On Friday, Washington estimated the cost to maintain the current Tiburon based CAD system through the end of the year at $750,000.“BEST OF A BAD SITUATION”

DPS initially rejected the demands, but on Friday presented an amendment to the contract to the Public Safety Board that agreed to the terms, provided that the so-far unidentified buyer agreed to complete the purchase of InterAct. If that doesn’t occur, the amendment approved by the Board Friday is void, and the city would be free to pursue litigation.

The potential purchaser would walk away from the deal without such terms in place, Washington said, which would leave the city back at “square one,” and forced to seek new bids to create a new CAD system from scratch.

The buyout of InterAct is expected to be completed within the next week, which is why an emergency meeting was called Friday to discuss the terms, Public Safety Director Troy Riggs said.

Once the expected sale is done, Indianapolis agrees to provide a $500,000 payment to InterAct within 14 days, according to the amended terms.
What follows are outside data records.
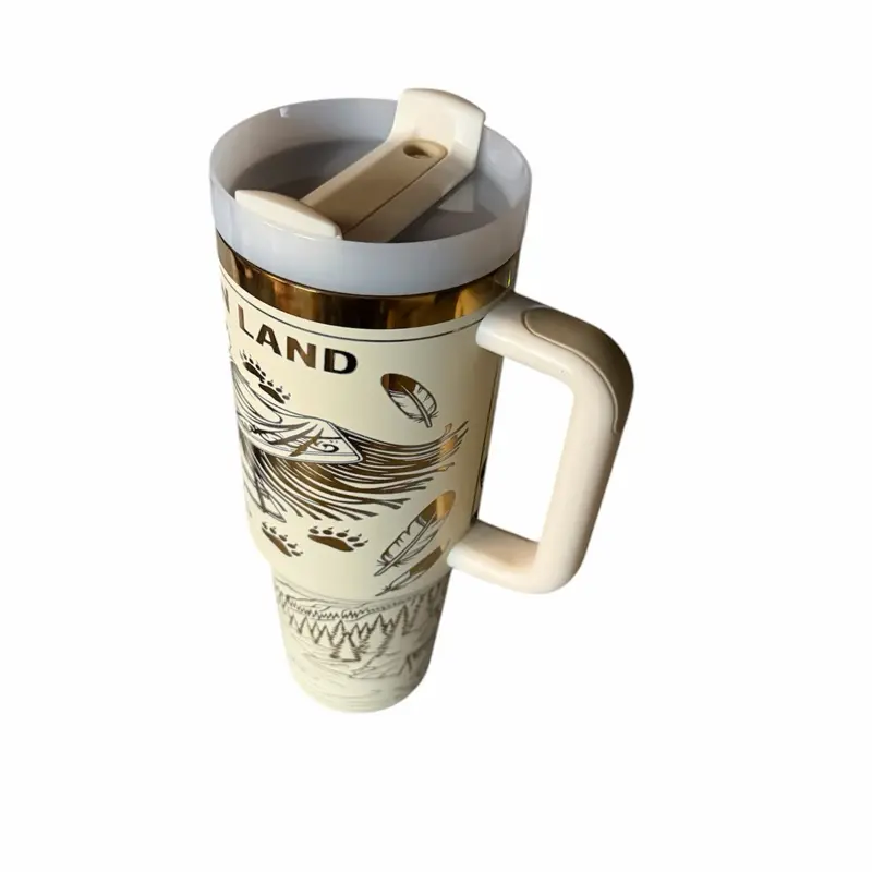 This 40oz cream white tumbler with a gold brim isn’t just drinkware—it’s a statement. ✨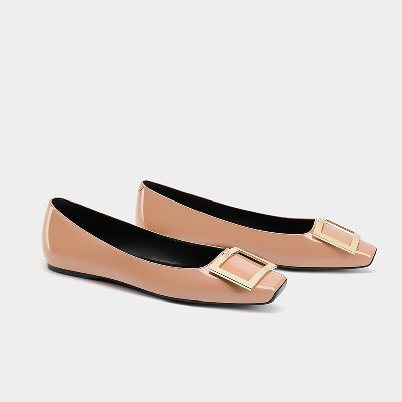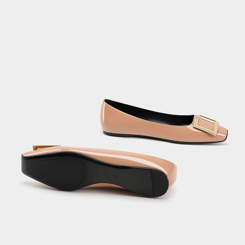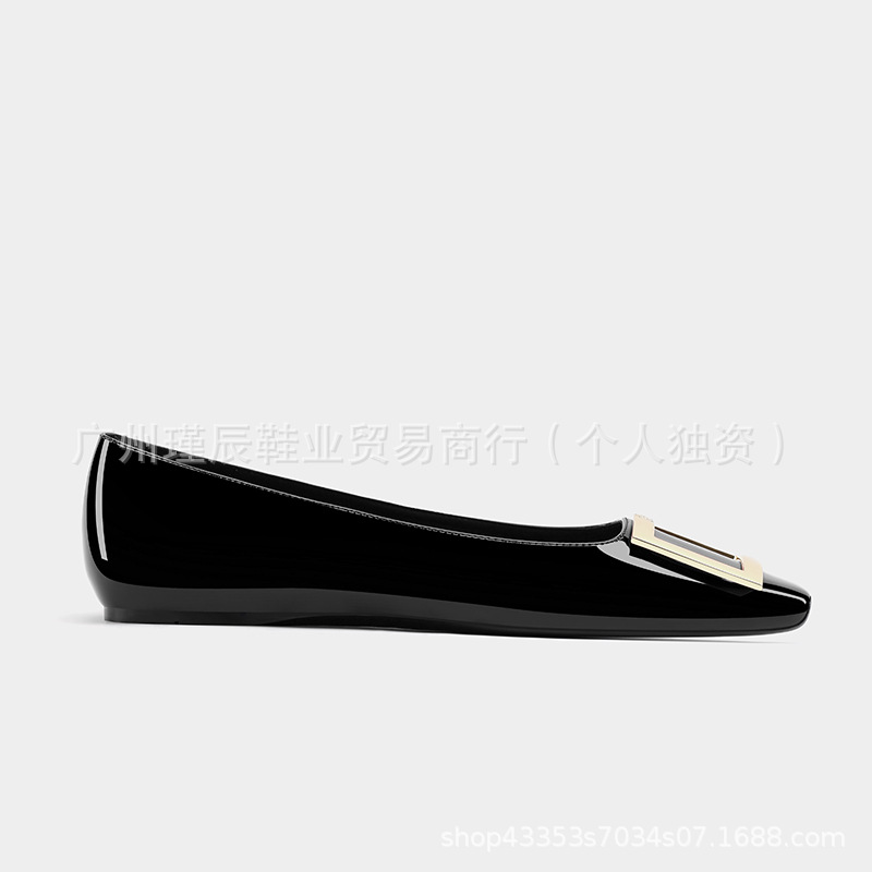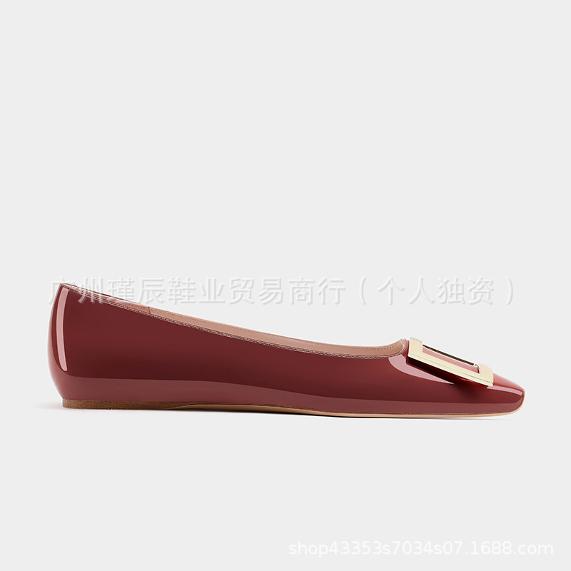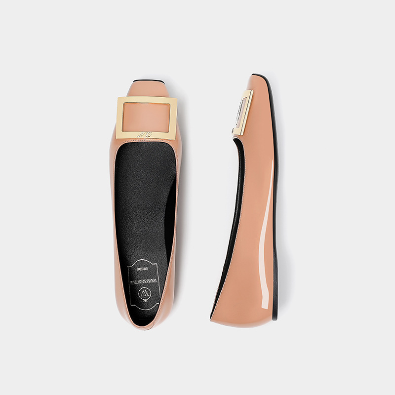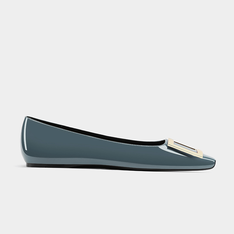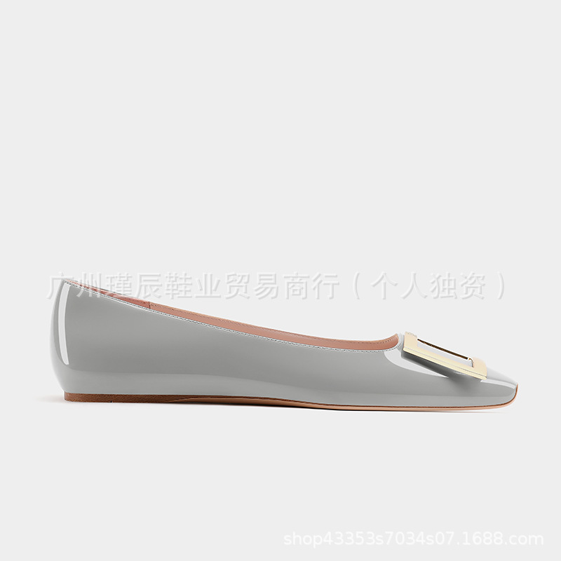여성용 하이 버전 스퀘어 토 RV 엘리펀트 그레이 스퀘어 버튼 플랫 슈즈 프렌치 하이 엔드 가죽 내부 강화 발레 슈즈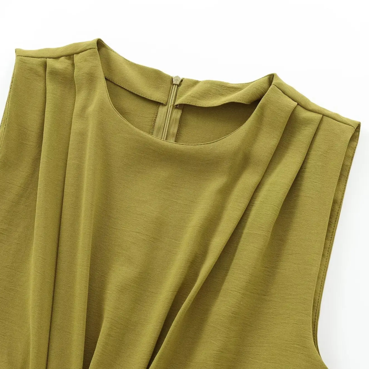 Ania | Sukienka Maxi Bez Rękawów z Ozdobną Klamrą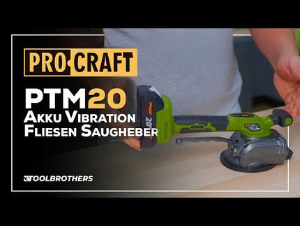 Procraft PTM20-1b-c Aspiratore vibrante per piastrelle a batteria 20 V + 1x batteria 2,0 Ah + caricabatteria + valigetta

“The potential buyer is solvent. They agreed to use the same staff as before for continuity. And this presents us with a specific completion date. This keeps us on the path toward a fully functional CAD system,” Washington told the board.

Riggs, when asked why the city is agreeing not to pursue legal action on a breached contract, called the amendment decision the best of a bad situation.

“That’s a great question (on why the city isn’t suing the company for damages),” Riggs said. “It’s the first question I asked. But we don’t believe they’re fiscally stable at this time. Obviously we’re disappointed but taxpayers have gotten value out of the RMS. We want to see the CAD through to (completion). We believe this route is better for us as a community and best protects our taxpayers.”